Brief: Go through the data and tally the lines that include "اکوتیپ". The reply is that number alone.

Material provided: Begin

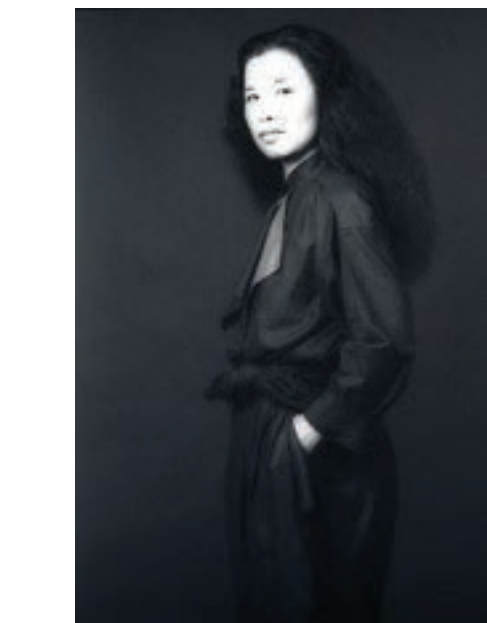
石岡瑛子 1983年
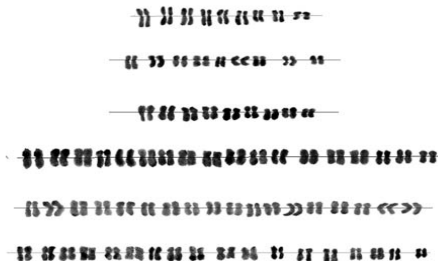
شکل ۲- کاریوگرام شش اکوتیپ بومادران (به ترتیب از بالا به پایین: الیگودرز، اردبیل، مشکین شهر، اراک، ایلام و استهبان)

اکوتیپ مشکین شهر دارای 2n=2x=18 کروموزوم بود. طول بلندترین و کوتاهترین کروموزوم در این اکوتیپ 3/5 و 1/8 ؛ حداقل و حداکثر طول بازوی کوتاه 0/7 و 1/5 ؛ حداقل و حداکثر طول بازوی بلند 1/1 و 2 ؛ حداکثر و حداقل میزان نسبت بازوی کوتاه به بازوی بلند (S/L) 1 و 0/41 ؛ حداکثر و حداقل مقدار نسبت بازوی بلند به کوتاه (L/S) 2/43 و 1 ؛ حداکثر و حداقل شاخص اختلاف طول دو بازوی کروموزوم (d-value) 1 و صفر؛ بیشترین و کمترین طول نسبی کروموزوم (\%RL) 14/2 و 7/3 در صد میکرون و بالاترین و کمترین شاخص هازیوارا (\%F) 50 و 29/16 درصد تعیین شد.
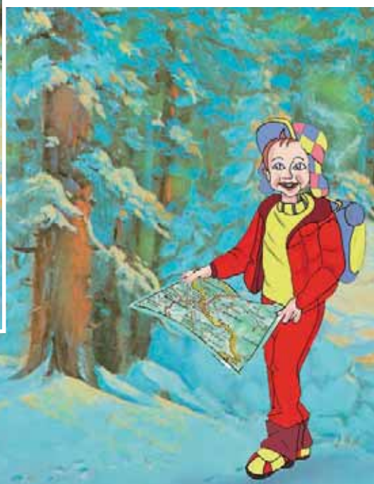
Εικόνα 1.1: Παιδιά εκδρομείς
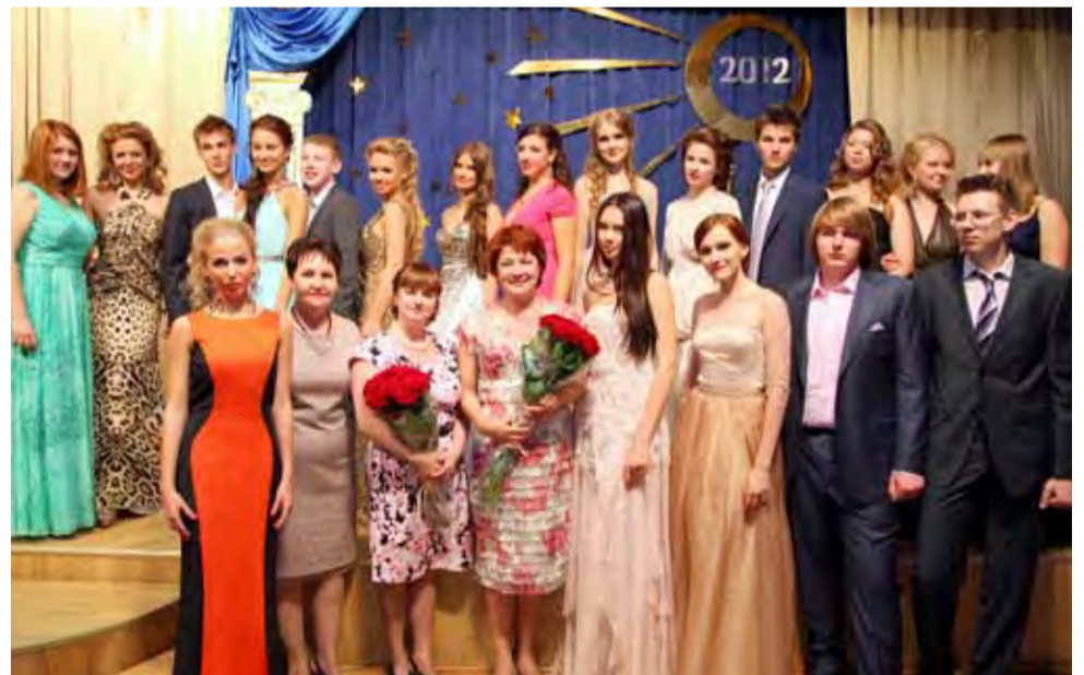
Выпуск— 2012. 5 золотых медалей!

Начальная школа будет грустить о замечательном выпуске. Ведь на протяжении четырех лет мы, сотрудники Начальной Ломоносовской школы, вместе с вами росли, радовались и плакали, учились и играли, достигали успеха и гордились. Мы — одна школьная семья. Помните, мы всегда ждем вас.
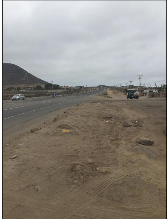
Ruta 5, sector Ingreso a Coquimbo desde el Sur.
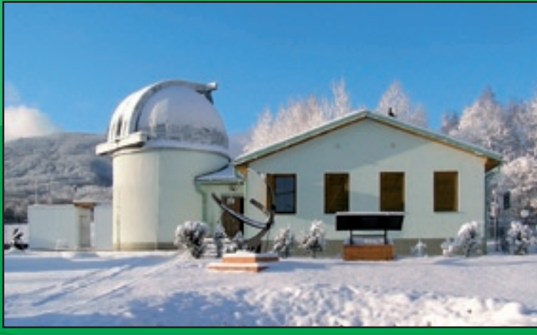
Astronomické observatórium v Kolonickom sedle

Material provided: End

Exercise result: 2